Ропот неодобрения среди слушателей. Восклицания: «Никогда!», «Что он говорит!», «Невозможно!», «Это насмешка над нами!», «Так вот к чему все клонилось!». Возбуждение усиливается, некоторые порывисто вскакивают с мест. Арри кричит: «Дайте ему высказаться до конца!». Нэтти остается неподвижным в позе ожидания. Председатель призывает к спокойствию. Мало-помалу тишина восстанавливается. В атмосфере недоверия, недоумения Нэтти продолжает:

— Братья, для меня не новость, что вы ненавидите инженера Мэнни. Но дело идет не о наших чувствах, — дело идет о борьбе и победе. Поэтому обсудим беспристрастно. Что имеете вы против возвращения инженера Мэнни?

Снова ряд бурных восклицаний: «Он враг союзов!», «Он убийца наших братьев!», «Он виновник забастовки и пролитой крови!», «Разве вы не знаете?». Нэтти делает знак, что хочет говорить дальше. Водворяется снова неспокойное молчание.
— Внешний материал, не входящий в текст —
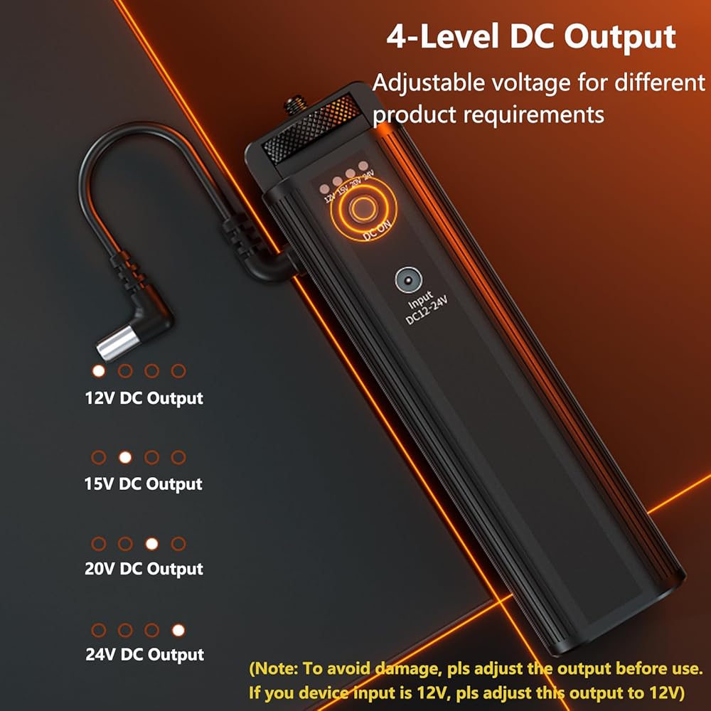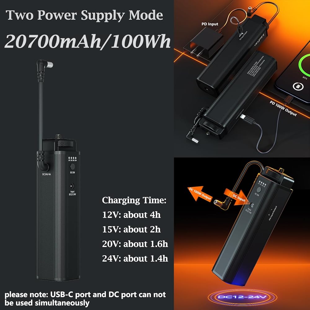 【شحن سريع ثنائي الاتجاه】يدعم مقبض طاقة البطارية إدخال تيار مستمر 12-24 فولت وإخراج 24 فولت/3 أمبير، ومدخل ومخرج USB-C PD 5 فولت/3 أمبير، 9 فولت/3 أمبير، 12 فولت/3 أمبير، 15 فولت/3 أمبير، 20 فولت/5 أمبير، أقصى قوة تصل إلى 100 واط. يعمل مع أي جهاز بقوة أقل من 100 وات، مثل مصابيح لوحة LED، وأضواء الفيديو COB، والإضاءة الخارجية، وكاميرات DSLR، وكاميرات الحركة Gopro، وحتى شحن الأجهزة اللوحية والهواتف الذكية والأجهزة المحمولة الأخرى أثناء رحلتك. (ملاحظة: سيحدث عدم توفر الطاقة للأجهزة التي تزيد طاقتها عن 100 واط)
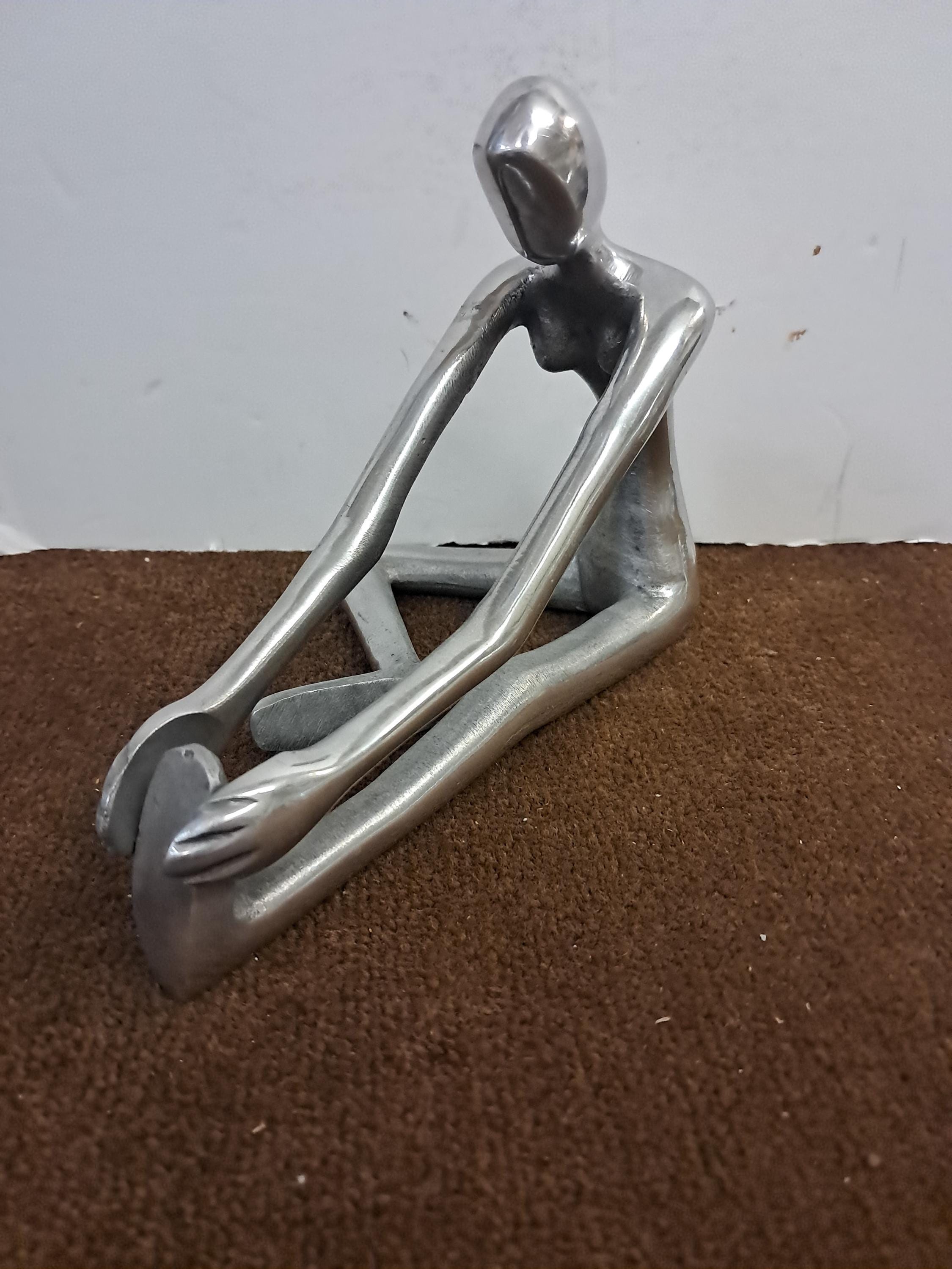Modernist Polished Steel Yoga Figurines
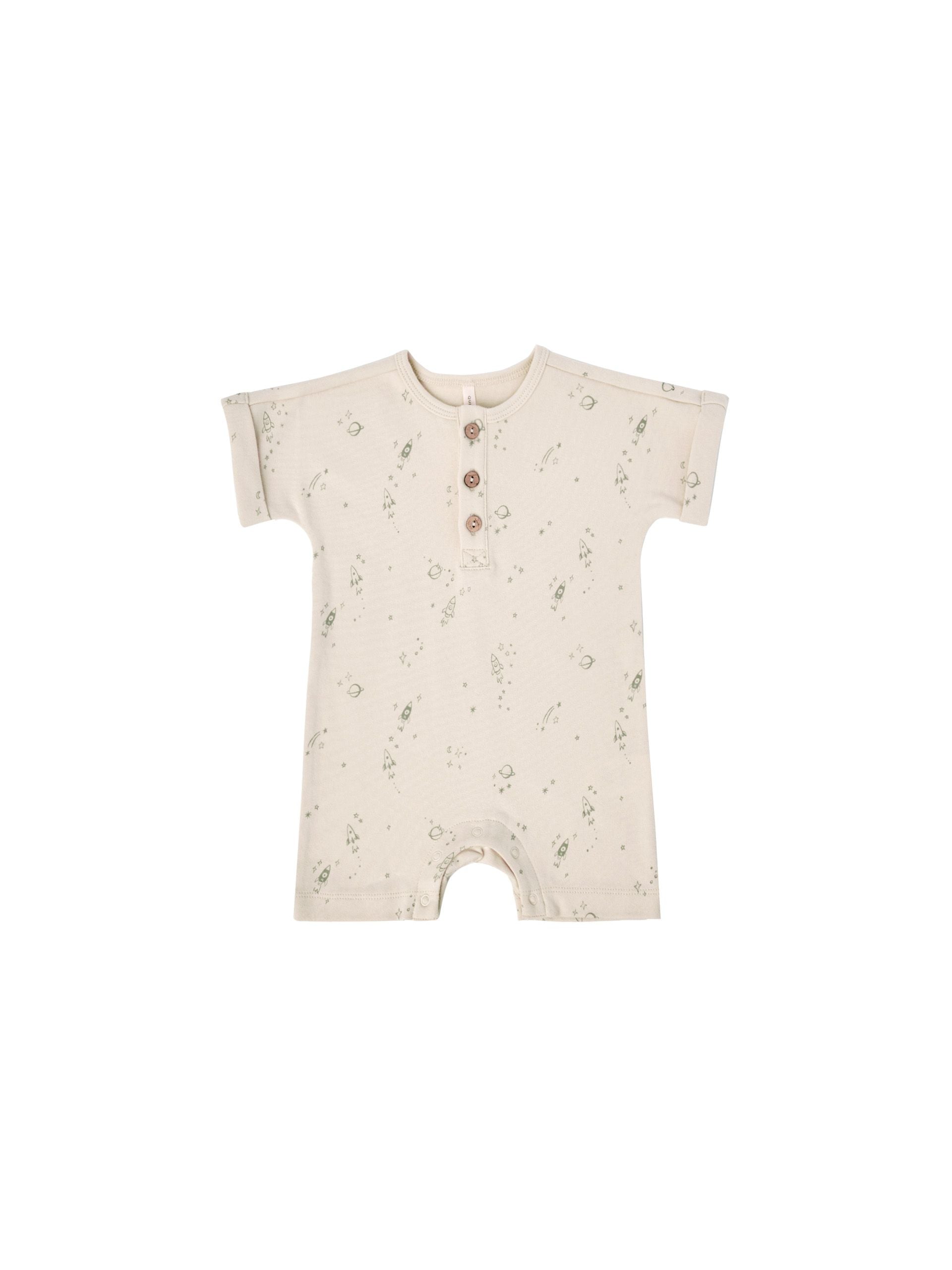 Our new short-sleeve romper has folded cuffed sleeves, wood buttons down the chest and snaps along inseam for easy changing. The perfect light-weight summer staple!
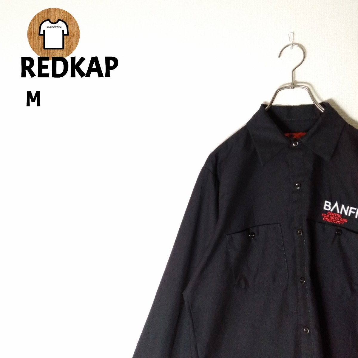 - REDKAP ワークシャツ M 刺繍ロゴ 企業系 海外古着 2ポケット B45 ダブルポケット 古着 ダークカラー メンズ レッドキャップ BANFF

— Вот вы сказали то, что думаете, и теперь я прошу вас не прерывая выслушать меня до конца: все равно, ведь решать будете вы, а не я. Разберем обвинения. Первое: Мэнни — враг союзов. Безусловно верно. Ну, а нынешнее Управление Работ — не враг союзов? А то, которое сменит его, не будет во всяком случае врагом союзов? Мы не дети, чтобы надеяться на иное. Мы не изменим этого, пока существует нынешний строй, пока держится эксплуатация, пока один класс господствует над другим и боится его. Но и враги бывают разные. Мэнни не признавал союзов, отказывался вступать в переговоры с ними. Однако преследовал ли он их? Разве тогда увольняли за участие в союзах? Разве нашей Федерации приходилось скрываться в подполье? Он — человек другого мировоззрения, но действовал честно и открыто, его вражда была идейной и принципиальной. Нынешние директора иногда говорят вам: «Пусть союз пришлет своих делегатов, мы обсудим с ними ваши требования». А что бывает потом с этими делегатами? Предпочтете вы такое отношение к союзам? Нет, братья, нам обыкновенно не приходится выбирать своих врагов, но когда это возможно, надо их различать.

— Разве это главное? — прервал один молодой делегат. — А кровь наших братьев?

— Да, в этом, действительно, главное. И тут я должен рассказать вам то, чего вы не знаете. Вы были введены в заблуждение с самого начала, а потом враги скрывали от вас истину; раскрыть же сами вы ее не могли; и не на то были направлены ваши заботы в эти тяжелые годы. Эта истина вот какая: инженер Мэнни невиновен ни в гибели тех, кого задушили лихорадки на работах, ни в крови тех, кто был убит при забастовке.

— А кто же отправил рабочих на Гнилые Болота?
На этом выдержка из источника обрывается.